POLEMICA

Bertucco e lo stadio
"Progetto da cestinare"

13/07/2019 17:42
"Quello del nuovo stadio è un progetto abborracciato e senza copertura economica, dunque pericoloso perché verrebbe perfezionato strada facendo, a spese del quartiere, sottraendo spazi, strade, parcheggi e sovvertendo equilibri". Il consigliere comunale, capogruppo di “Verona in Comune”, Michele Bertucco, torna all’attacco del nuovo stadio, progetto proposto dall’imprenditore messicano Cesar Octavio Esparza. Una maxi opera, dice Bertucco, che se non fosse per la legge sugli stadi, figlia dell’ex ministro del Governo Renzi, Luca Lotti, sarebbe stata immediatamente cestinata, perché priva dei dati minimi indispensabili a dimostrare la sua fattibilità, come evidenziato, prosegue il leader di Verona in Comune, dai dirigenti comunali durante la conferenza dei servizi.
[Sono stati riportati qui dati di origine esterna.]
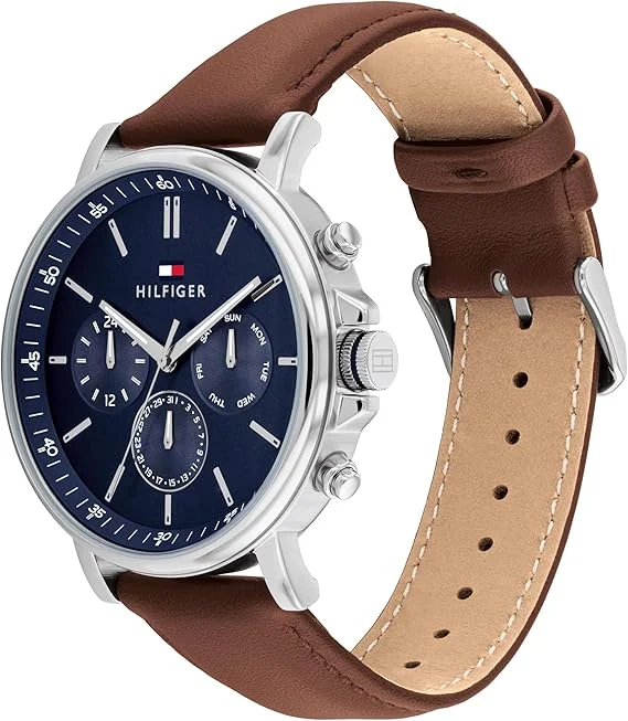 TOMMY HILFIGER MEN’S NAVY DIAL BROWN LEATHER WATCH – 1710585

Ed è anche contro la legge sugli stadi che Bertucco si schiera.
"Consente di presentare dei progetti di massima, di presentare un piano economico finanziario non valutato da tecnici. Quest'opera mette insieme una serie di cose, senza però dare delle soluzioni, legate ad esempio ai parcheggi. Ora dicono che ne individueranno alcuni pubblici, oltre a quelli già inseriti nel progetto. Quanto alla viabilità, sostengono che sia sufficiente quella già esistente, mentre per quanto riguarda il piano economico, rimandano tutto a quando verrà presentato quello effettivo. Ciò significa che potrebbero passare anche due anni".
L’amministrazione comunale ha più volte parlato di un’assemblea pubblica per presentare alla città, e in primis ai residenti del quartiere Stadio, il progetto di Esparza. Incontro che pare al momento finito nel dimenticatoio, ragion per cui proprio Verona in Comune e Sinistra in Comune hanno deciso di organizzarne uno, in programa lunedì 15 luglio, alle 20.45 nella sala civica di via Brunelleschi.
"Presenteremo quella che è la proposta - spiega Bertucco - perché i tempi stringono ed entro l'8 agosto il progetto deve ottenere la pubblica utilità con voto del consiglio comunale. Ad oggi non sono stati depositati i documenti e la proposta di delibera quindi siamo veramente a ridosso senza che il quartiere venga informato delle scelte che vuole fare l'amministrazione".